Crouch does indeed wrestle with the truth here, and makes us do the same, and it’s the meticulousness of his endeavour that ultimately impresses.

Janet Adler, artist, encounters Margaret Gibb, social scientist, at a gallery opening. They embark on a profound and lasting relationship from which a good deal of art arises, which the pair destroy, having chosen to abandon New York and its art scene for a life of rural isolation. Adler dies suddenly and suspicion clings to Gibb who becomes more reclusive.

That, in very brief summary, is both what is known of the pair and what Crouch presents us with. It is not, of course, the whole story, and Crouch’s ‘Adler and Gibb’ is very much concerned with what may or may not be the ‘truth’ in any story.

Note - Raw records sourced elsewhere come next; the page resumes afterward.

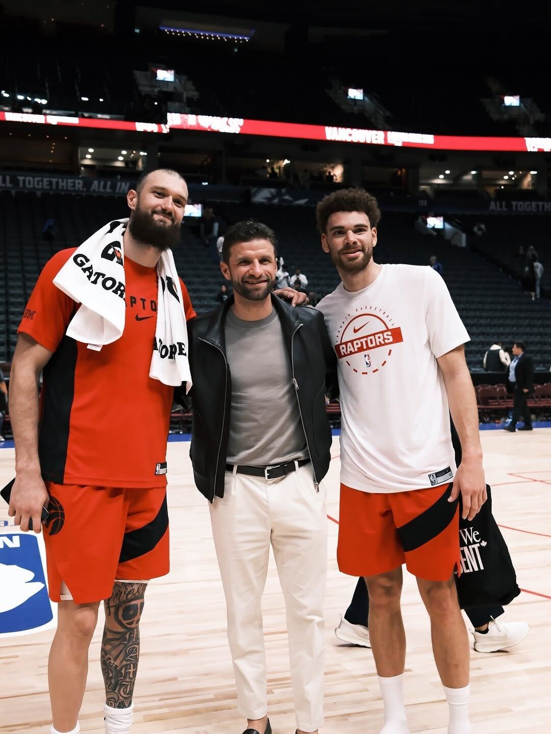 Der langjährige Bayern-Star, der seit Sommer für die Vancouver Whitecaps in der Major League Soccer aufläuft, besuchte gemeinsam mit seinen MLS-Teamkollegen erstmals ein NBA-Spiel, und das gleich von den besten Plätzen: Courtside in der Rogers Arena.
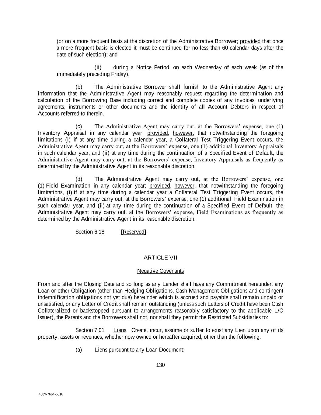 130 4889-7664-6516 (or on a more frequent basis at the discretion of the Administrative Borrower; provided that once a more frequent basis is elected it must be continued for no less than 60 calendar days after the date of such election); and (ii) during a Notice Period, on each Wednesday of each week (as of the immediately preceding Friday). (b) The Administrative Borrower shall furnish to the Administrative Agent any information that the Administrative Agent may reasonably request regarding the determination and calculation of the Borrowing Base including correct and complete copies of any invoices, underlying agreements, instruments or other documents and the identity of all Account Debtors in respect of Accounts referred to therein. (c) The Administrative Agent may carry out, at the Borrowers’ expense, one (1) Inventory Appraisal in any calendar year; provided, however, that notwithstanding the foregoing limitations (i) if at any time during a calendar year, a Collateral Test Triggering Event occurs, the Administrative Agent may carry out, at the Borrowers’ expense, one (1) additional Inventory Appraisals in such calendar year, and (ii) at any time during the continuation of a Specified Event of Default, the Administrative Agent may carry out, at the Borrowers’ expense, Inventory Appraisals as frequently as determined by the Administrative Agent in its reasonable discretion. (d) The Administrative Agent may carry out, at the Borrowers’ expense, one (1) Field Examination in any calendar year; provided, however, that notwithstanding the foregoing limitations, (i) if at any time during a calendar year a Collateral Test Triggering Event occurs, the Administrative Agent may carry out, at the Borrowers’ expense, one (1) additional Field Examination in such calendar year, and (ii) at any time during the continuation of a Specified Event of Default, the Administrative Agent may carry out, at the Borrowers’ expense, Field Examinations as frequently as determined by the Administrative Agent in its reasonable discretion. Section 6.18 [Reserved]. ARTICLE VII Negative Covenants From and after the Closing Date and so long as any Lender shall have any Commitment hereunder, any Loan or other Obligation (other than Hedging Obligations, Cash Management Obligations and contingent indemnification obligations not yet due) hereunder which is accrued and payable shall remain unpaid or unsatisfied, or any Letter of Credit shall remain outstanding (unless such Letters of Credit have been Cash Collateralized or backstopped pursuant to arrangements reasonably satisfactory to the applicable L/C Issuer), the Parents and the Borrowers shall not, nor shall they permit the Restricted Subsidiaries to: Section 7.01 Liens. Create, incur, assume or suffer to exist any Lien upon any of its property, assets or revenues, whether now owned or hereafter acquired, other than the following: (a) Liens pursuant to any Loan Document;
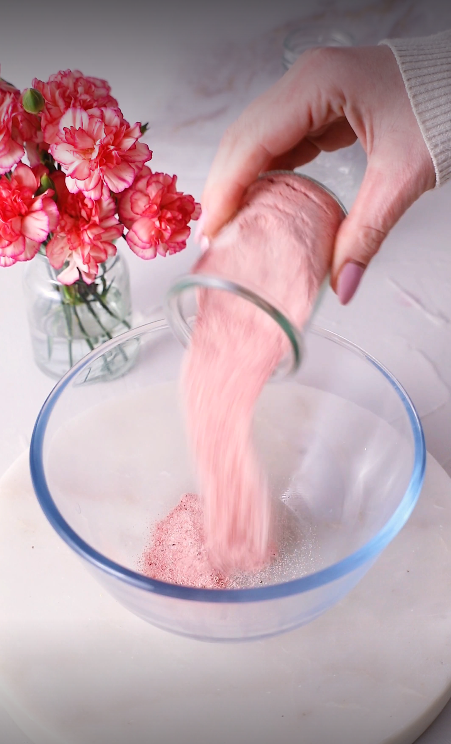 - Gib 250 ml frisch abgekochtes, heißes Wasser zu der Mischung und rühre, bis sie sich aufgelöst hat.
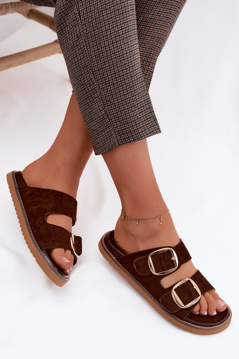 Chaussons pour femmes en daim synthétique avec boucles dorées Czekolado Averia

An actress intending to play Adler arrives with her coach at what was the home of Adler and Gibb, and in attempting to break in, they encounter the very much alive Margaret Gibb.

What ensues is a circling around various accounts of ‘what happened’ and a musing on the nature of veracity, accuracy and reliability of witness.

Although Crouch has raised these themes before, this has often been done with only himself for company on stage, or in a less directly identifiable way, which is another way to say that here Crouch is using a recognisably ‘dramatic’ form to examine the ways in which we seek to dramatise our own lives, and, by implication, to question whether we ought to be doing so.

The validity and integrity of Crouch’s interrogation of the temporal and fleeting nature of what we laughingly refer to as ‘reality’ is not in question throughout this piece, but, for this reviewer at least, to frame his question against the backdrop of the equally fleeting and ephemeral art scene of late twentieth century New York seemed to undercut rather than reinforce the argument.